- Material to process:
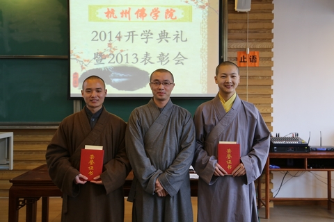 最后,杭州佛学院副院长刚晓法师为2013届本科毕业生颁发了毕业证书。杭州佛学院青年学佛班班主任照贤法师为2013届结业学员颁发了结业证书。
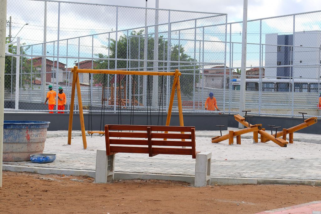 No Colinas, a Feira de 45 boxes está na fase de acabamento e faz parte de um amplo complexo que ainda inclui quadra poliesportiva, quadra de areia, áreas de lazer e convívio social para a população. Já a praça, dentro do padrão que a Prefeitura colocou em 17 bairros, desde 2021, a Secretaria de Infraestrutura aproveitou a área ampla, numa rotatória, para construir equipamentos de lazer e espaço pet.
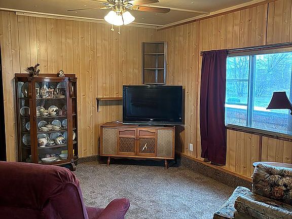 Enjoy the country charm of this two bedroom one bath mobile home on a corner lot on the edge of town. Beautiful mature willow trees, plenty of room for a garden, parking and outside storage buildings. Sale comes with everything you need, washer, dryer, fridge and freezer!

==

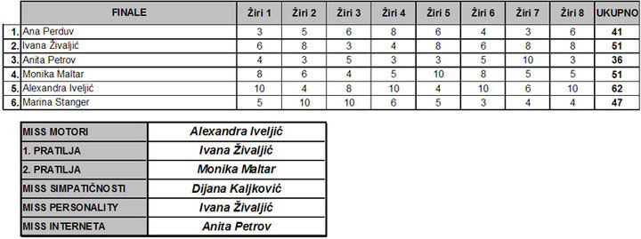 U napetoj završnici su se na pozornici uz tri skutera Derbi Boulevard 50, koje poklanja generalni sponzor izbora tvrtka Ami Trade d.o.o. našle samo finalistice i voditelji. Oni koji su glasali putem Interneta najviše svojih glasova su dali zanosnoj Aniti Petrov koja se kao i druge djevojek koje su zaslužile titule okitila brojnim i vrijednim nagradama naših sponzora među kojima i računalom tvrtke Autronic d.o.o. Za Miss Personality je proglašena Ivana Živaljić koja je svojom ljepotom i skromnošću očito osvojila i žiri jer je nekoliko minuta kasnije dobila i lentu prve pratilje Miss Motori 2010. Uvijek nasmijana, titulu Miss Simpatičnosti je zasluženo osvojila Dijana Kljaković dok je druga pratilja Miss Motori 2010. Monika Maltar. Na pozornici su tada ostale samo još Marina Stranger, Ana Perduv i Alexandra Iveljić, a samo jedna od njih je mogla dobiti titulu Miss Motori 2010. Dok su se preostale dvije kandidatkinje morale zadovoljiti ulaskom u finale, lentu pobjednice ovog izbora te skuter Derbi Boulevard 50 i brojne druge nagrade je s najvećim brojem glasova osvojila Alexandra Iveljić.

- How to complete this task: With the pictures omitted, copy the entries above exactly from the line containing "最后,杭州佛学院副院长刚晓法" through the line containing "No Colinas, a", both lines included.

- Your response:
 最后,杭州佛学院副院长刚晓法师为2013届本科毕业生颁发了毕业证书。杭州佛学院青年学佛班班主任照贤法师为2013届结业学员颁发了结业证书。
 No Colinas, a Feira de 45 boxes está na fase de acabamento e faz parte de um amplo complexo que ainda inclui quadra poliesportiva, quadra de areia, áreas de lazer e convívio social para a população. Já a praça, dentro do padrão que a Prefeitura colocou em 17 bairros, desde 2021, a Secretaria de Infraestrutura aproveitou a área ampla, numa rotatória, para construir equipamentos de lazer e espaço pet.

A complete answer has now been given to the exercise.